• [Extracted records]
----------------------------------------
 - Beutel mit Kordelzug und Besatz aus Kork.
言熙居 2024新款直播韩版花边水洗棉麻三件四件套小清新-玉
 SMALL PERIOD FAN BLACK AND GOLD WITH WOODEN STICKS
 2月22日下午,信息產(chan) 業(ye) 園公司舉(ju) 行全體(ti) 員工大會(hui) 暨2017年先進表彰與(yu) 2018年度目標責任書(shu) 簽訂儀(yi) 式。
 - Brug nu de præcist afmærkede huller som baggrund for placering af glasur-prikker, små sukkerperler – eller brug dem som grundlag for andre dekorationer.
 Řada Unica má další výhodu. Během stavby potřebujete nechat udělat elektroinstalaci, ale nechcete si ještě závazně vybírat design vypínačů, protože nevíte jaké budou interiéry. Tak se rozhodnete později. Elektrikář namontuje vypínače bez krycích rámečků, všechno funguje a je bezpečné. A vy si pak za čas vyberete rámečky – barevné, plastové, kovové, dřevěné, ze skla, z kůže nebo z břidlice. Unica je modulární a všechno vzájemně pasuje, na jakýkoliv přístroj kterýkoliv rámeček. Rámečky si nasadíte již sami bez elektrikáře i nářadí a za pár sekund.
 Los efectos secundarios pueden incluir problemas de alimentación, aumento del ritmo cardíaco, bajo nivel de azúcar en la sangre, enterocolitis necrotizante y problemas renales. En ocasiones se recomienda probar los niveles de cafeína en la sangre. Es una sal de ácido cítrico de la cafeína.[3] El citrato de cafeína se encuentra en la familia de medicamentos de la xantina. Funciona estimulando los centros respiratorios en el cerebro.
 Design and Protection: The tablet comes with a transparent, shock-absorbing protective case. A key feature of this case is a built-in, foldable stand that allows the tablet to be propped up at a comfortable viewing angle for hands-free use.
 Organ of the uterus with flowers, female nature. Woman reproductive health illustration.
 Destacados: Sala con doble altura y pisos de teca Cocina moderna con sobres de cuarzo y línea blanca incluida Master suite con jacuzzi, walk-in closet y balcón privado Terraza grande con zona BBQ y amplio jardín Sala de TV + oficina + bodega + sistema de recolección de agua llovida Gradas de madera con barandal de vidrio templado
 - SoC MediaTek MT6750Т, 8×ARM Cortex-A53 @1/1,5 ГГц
----------------------------------------
• [About this exercise]
Above are records; repeat only the lines starting at the line with "言熙居 2024新款直播韩版花边水洗棉麻三件四件套小清新-玉" and ending at the line with "2月22日下午,信息產(chan) 業(ye) 園公司舉(ju)", exactly as they appear, both included.

• [Answer for the task]
言熙居 2024新款直播韩版花边水洗棉麻三件四件套小清新-玉
 SMALL PERIOD FAN BLACK AND GOLD WITH WOODEN STICKS
 2月22日下午,信息產(chan) 業(ye) 園公司舉(ju) 行全體(ti) 員工大會(hui) 暨2017年先進表彰與(yu) 2018年度目標責任書(shu) 簽訂儀(yi) 式。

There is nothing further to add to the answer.